GHM: It’s an open question right now as to how they could have done that. The most parsimonious answer is that they did it through burning, but finding evidence of this is extremely difficult. The only reason that burning would have changed the climate is if it did something to the land surface that either promoted, or limited, the ability of monsoon moisture to penetrate into the interior of Australia. What does it take to get more or less rain? What does the landscape have to do with it? Those are the questions we’d like to explore now.
This, again, was totally accidental science. Our original research question regarding the Australian monsoon was a good one, but I think a far more interesting result was the unexpected one. I still do fieldwork to investigate specific questions, but I hope I find something that I never expected, because then you’re discovering. There’s nothing more exciting in science than discovery.
KSZ: What unexpected findings have come out of your work on Baffin Island?
GHM: Over the past decade, I have been collecting little plants, usually mosses rooted in the soil, from around the edges of small ice caps on Baffin. Radiocarbon dates from the mosses tell us when a plant was last growing and interacting with the atmosphere, or, in other words, when that location was last ice-free. We call them “zombie mosses” because, even if they’ve been buried under ice for hundreds of years, they can still begin to grow again once exposed to sunlight. I was up there in 2010 with a graduate student, camped between two high-elevation ice caps. Our original fieldwork proposal had us looking for mosses around inland ice caps that don’t erode, so they have a high potential to preserve ancient plants. We had argued that fast-moving glaciers along the coast would be too erosive along the ice margin for plants to survive. But, as we sat there waiting for the helicopter, we could see with binoculars places between the fast outlet glaciers on the coast that looked really flat. When the helicopter came in, we asked the pilot to take us there. We found plants that we could date emerging from beneath ice margins between the outlet glaciers. It was a black swan event, a game-changer. It turns out that these sites are all over the island. Our field area went from being a small region on the low-relief central plateau to the entire length of Baffin Island. From this work, we’ve developed an exceptionally accurate way of quantifying past versus present warming. You never want to be so focused on what you said you were going to do that you miss the little doors you should be opening and sticking your head through.

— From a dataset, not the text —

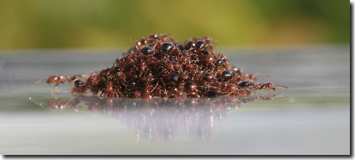Menschen erarbeiten für verschiedenste Katastrophenszenarien mehr oder weniger gute Pläne, um Schäden so weit wie möglich einzugrenzen. Der Ameisen-Katastrophenplan ist nahezu perfekt. Bei einer Überflutung wird innerhalb kürzester Zeit ein lebendes, intelligent gestaltetes Rettungsfloß zur Evakuierung gebaut, auf dem neben der Besatzung auch Königin und Eier transportiert werden. Das Ameisenvolk bildet wie nach Anleitung ein wasserabweisendes Ameisengewebe mit niedrigerer Dichte als Wasser. Das Ergebnis ist ein flexibles, schwimmendes Rettungsfloß, das Wind und Wellen trotzt! Jedes Ameisenindividuum weiß offenbar, worauf es ankommt und sucht sich seinen Platz innerhalb der mehrschichtigen Struktur. Eventuell entstandene Lücken werden selbständig repariert. Das biegsame Ameisengewebe verhält sich wie eine zähflüssige Masse und wird von den einzelnen Ameisen-„Bausteinen“ mit einer Kraft, die dem 400-fachen ihres Körpergewichtes entspricht, zusammengehalten. Die Ameisen agieren hier als Konstrukteure, Transporteure und Bauarbeiter und sind zugleich das Baumaterial. Wenn nötig können die „unbesiegten“ Ameisen in dieser Rettungs-Formation tagelang ausharren, bis sie rettendes Ufer erreichen.
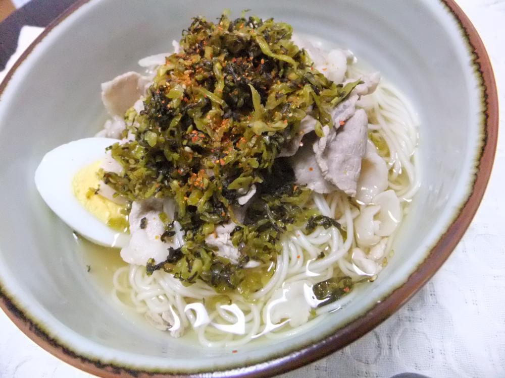 器に麺を盛り、つゆを豚肉ごと注ぐ。高菜と半分に切ったゆで卵を乗せ、七味唐辛子をかける。

KSZ: What continues to draw you to the Arctic?
GHM: I like the unfettered expanse that the Arctic offers and the “in your face” nature of the geology. The lack of trees is a big plus for the work we do. In the past 20 years, Arctic research has taken on a new urgency, both as a canary-in-the-coal-mine warning for the speed of change and, more importantly, because unlike Las Vegas, what happens in the Arctic doesn’t stay in the Arctic. Arctic change has far-reaching consequences for dense population centers. These aspects have greatly increased the number of Arctic scientists and vastly expanded the audience interested in Arctic research.
KSZ: How does the fieldwork differ between the Arctic and Australia?
GHM: In Australia, we eat better food and drink better wine.
KSZ: What role should research scientists take in addressing environmental challenges?
GHM: Scientists are, in general, not qualified to make policy, but they should be able to inform policymakers about important, well-documented scientific understanding, which should be the backbone of good policy. As educators, scientists should focus on helping the next generation to hone their native ability to think critically.